Excerpts from a dataset
=== Begin Enclosure ===
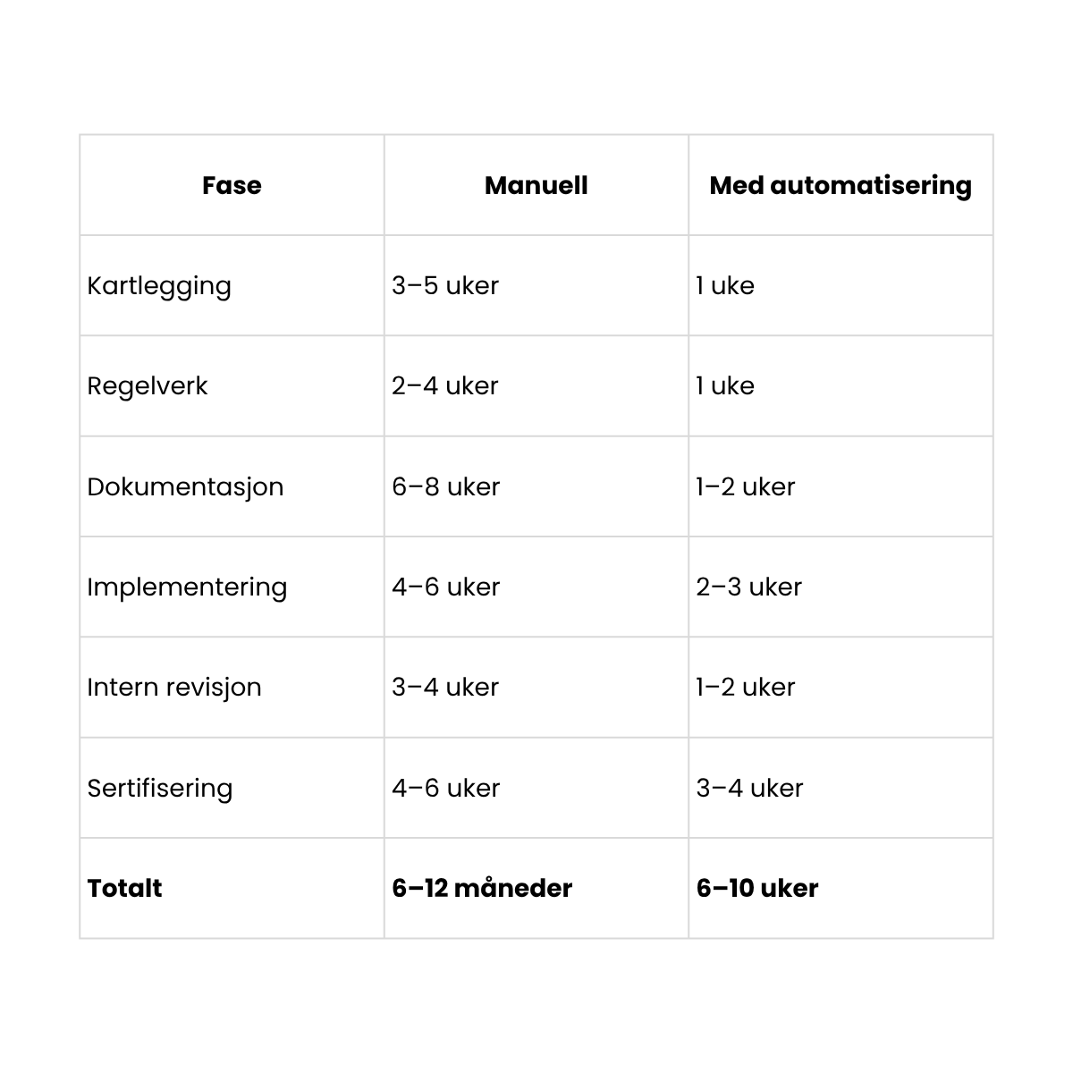 For selskaper som jobber med flere standarder (ISO 27001, ISO 45001, ESG), overlapper prosessene betydelig.
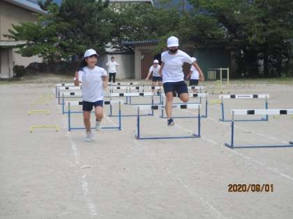 体育の学習ではハードル走に取り組んでいます。暑い中でしたが,自己ベストを目指して取り組むことができました。
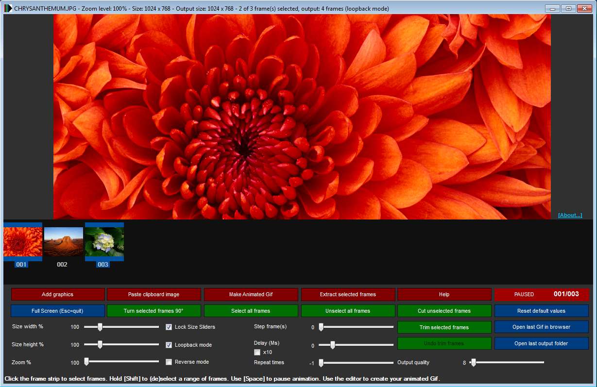 Images are gonna open up as frames, same thing is true for videos that you open up, you can see the three frames on the image above. After that you can start editing the animation. To resize frames, select the ones that you want to resize and move the Size sliders. Frames can be rotated by clicking on the Rotate button. Quality of the GIF animation can be set with the Quality slider in the bottom right corner. When you’re done with all the setup, you can save the animation by clicking on the Make Animated GIF button. You’ll be offered the standard Save file dialog. That’s it, your animation is finished.
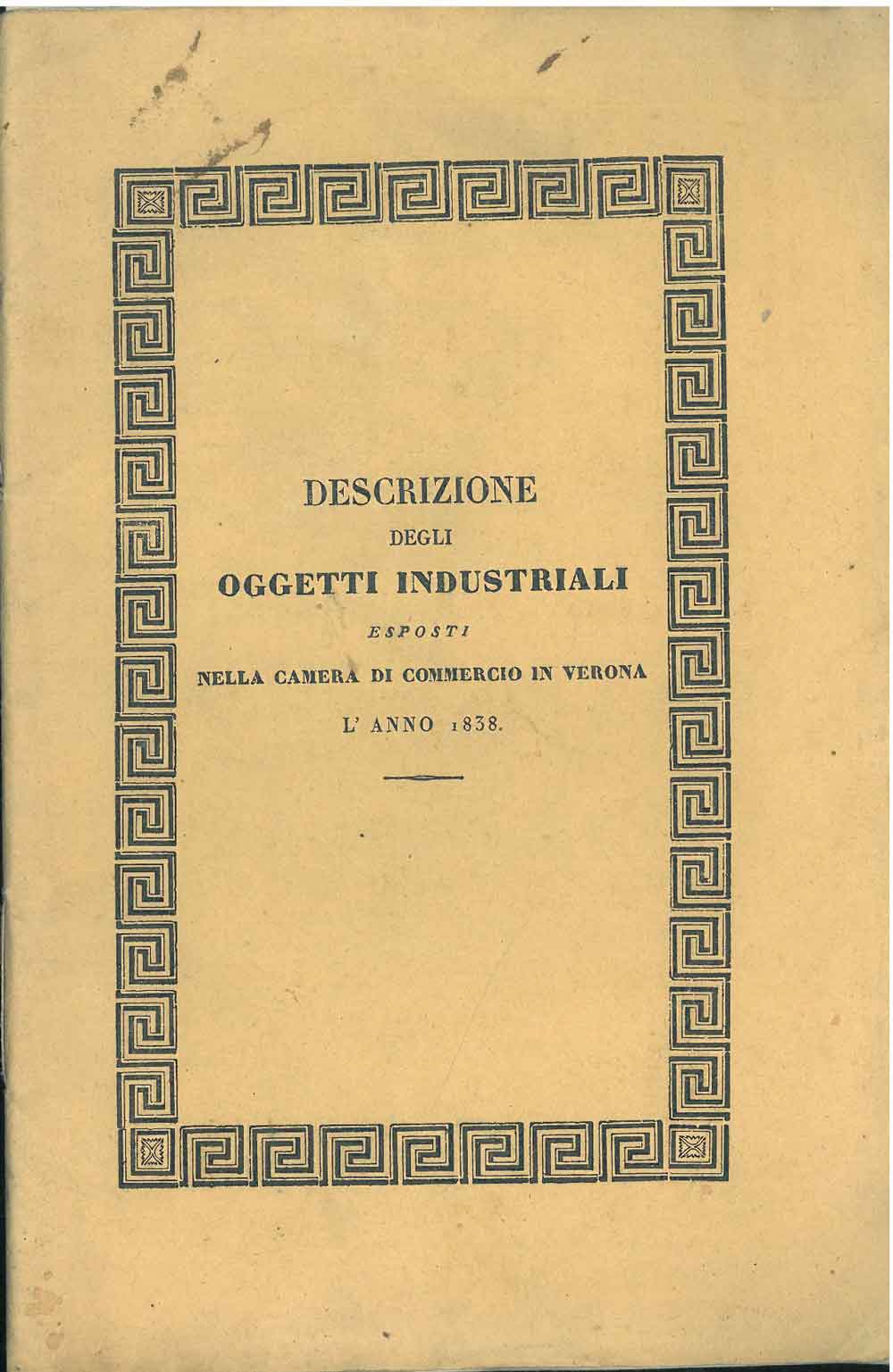 Descrizione delle manifatture veronesi esposte nella sala della camera di comercio arti e manifatture della città e provincia di Verona nella fausta circostanza della venuta di Sua maestà I. R. A. Ferdinando I l'anno 1838
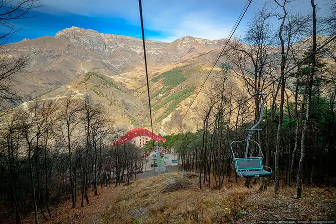 На канатной дороге горнолыжной трассы, внизу – ЛОК Армхи
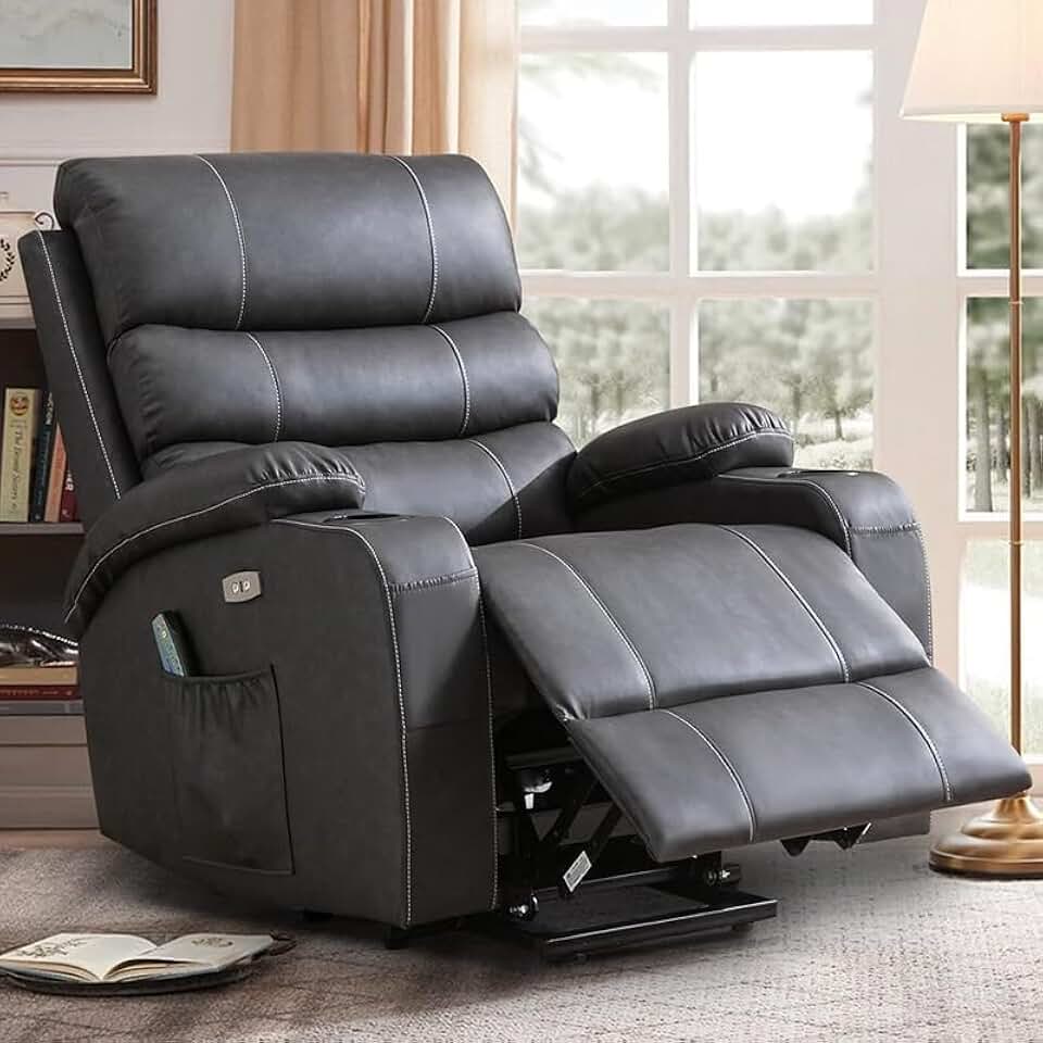 PU Leather Electric Lift Recliner Chairs for Adults, Large Power Lift Recliner Lay Flat Chair, Dual Motor Lift Recliners Sofa with 2 Side Pockets, and Cup Holders, USB Ports,Remote Control
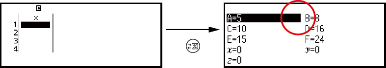 displays a screen that shows the values currently stored to variables A, B, C, D, E, F, x, y, and z. On this screen, values are always displayed using the "Norm 1" Number Format. To close the screen, press
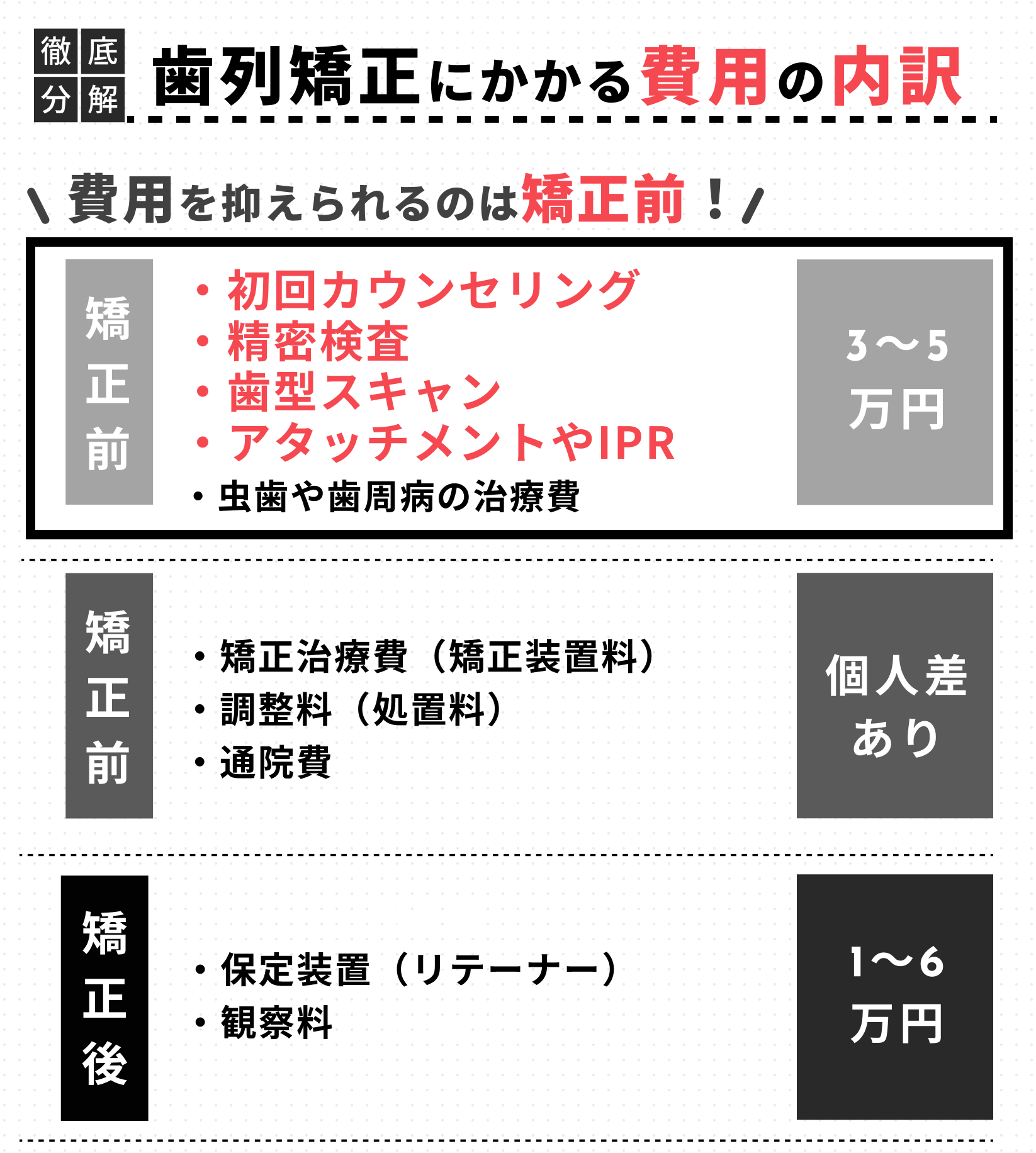矯正を始める前の段階でどこまで無料なのかを確認しておくと安心です。
=== End Enclosure ===
Without the pictures, repeat all the records word for word.

RESPONSE
 For selskaper som jobber med flere standarder (ISO 27001, ISO 45001, ESG), overlapper prosessene betydelig.
 体育の学習ではハードル走に取り組んでいます。暑い中でしたが,自己ベストを目指して取り組むことができました。
 Images are gonna open up as frames, same thing is true for videos that you open up, you can see the three frames on the image above. After that you can start editing the animation. To resize frames, select the ones that you want to resize and move the Size sliders. Frames can be rotated by clicking on the Rotate button. Quality of the GIF animation can be set with the Quality slider in the bottom right corner. When you’re done with all the setup, you can save the animation by clicking on the Make Animated GIF button. You’ll be offered the standard Save file dialog. That’s it, your animation is finished.
 Descrizione delle manifatture veronesi esposte nella sala della camera di comercio arti e manifatture della città e provincia di Verona nella fausta circostanza della venuta di Sua maestà I. R. A. Ferdinando I l'anno 1838
 На канатной дороге горнолыжной трассы, внизу – ЛОК Армхи
 PU Leather Electric Lift Recliner Chairs for Adults, Large Power Lift Recliner Lay Flat Chair, Dual Motor Lift Recliners Sofa with 2 Side Pockets, and Cup Holders, USB Ports,Remote Control
 displays a screen that shows the values currently stored to variables A, B, C, D, E, F, x, y, and z. On this screen, values are always displayed using the "Norm 1" Number Format. To close the screen, press
矯正を始める前の段階でどこまで無料なのかを確認しておくと安心です。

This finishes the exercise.